──────── Material provided ────────
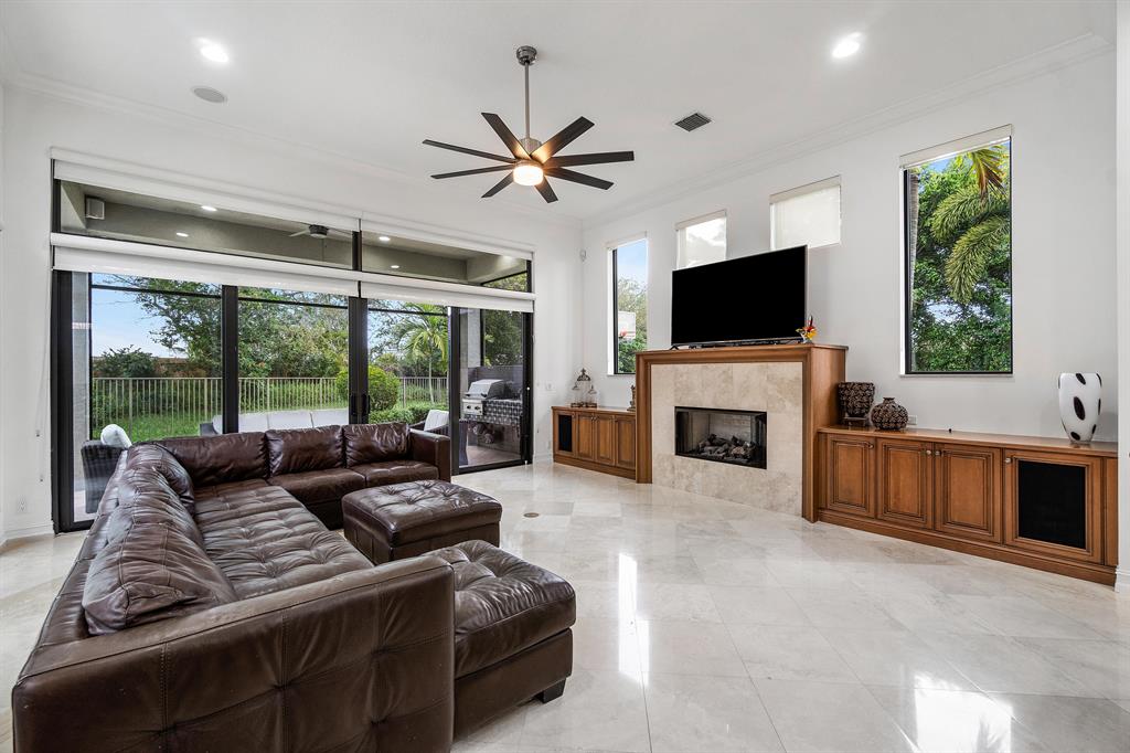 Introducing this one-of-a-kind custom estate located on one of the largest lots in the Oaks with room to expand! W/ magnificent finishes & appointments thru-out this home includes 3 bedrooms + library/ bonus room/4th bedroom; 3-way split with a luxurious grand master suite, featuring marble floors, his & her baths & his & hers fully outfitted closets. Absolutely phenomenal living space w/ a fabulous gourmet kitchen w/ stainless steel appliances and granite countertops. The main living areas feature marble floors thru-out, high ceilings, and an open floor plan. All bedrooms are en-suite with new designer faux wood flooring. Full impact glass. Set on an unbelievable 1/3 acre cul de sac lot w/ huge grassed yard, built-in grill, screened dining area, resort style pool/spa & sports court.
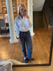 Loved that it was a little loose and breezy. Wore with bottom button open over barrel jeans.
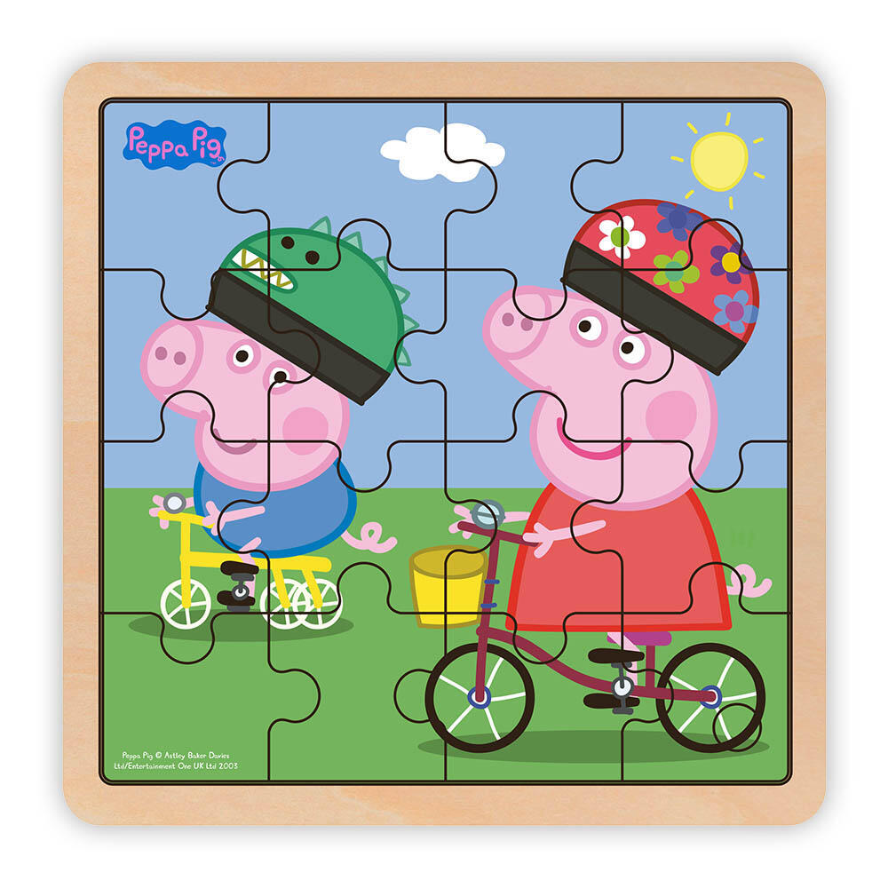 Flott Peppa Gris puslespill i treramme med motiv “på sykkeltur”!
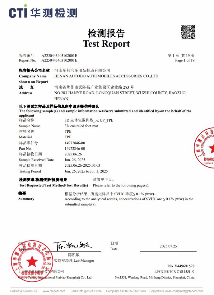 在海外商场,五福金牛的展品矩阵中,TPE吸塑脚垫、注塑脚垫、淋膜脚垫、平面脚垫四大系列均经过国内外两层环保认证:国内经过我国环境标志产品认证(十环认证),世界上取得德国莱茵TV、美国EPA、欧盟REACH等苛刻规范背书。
────────
Beginning with the line that holds "Flott Peppa Gris", output each line to the end of the material above, exactly, omitting the pictures.

● Finished exercise:
 Flott Peppa Gris puslespill i treramme med motiv “på sykkeltur”!
 在海外商场,五福金牛的展品矩阵中,TPE吸塑脚垫、注塑脚垫、淋膜脚垫、平面脚垫四大系列均经过国内外两层环保认证:国内经过我国环境标志产品认证(十环认证),世界上取得德国莱茵TV、美国EPA、欧盟REACH等苛刻规范背书。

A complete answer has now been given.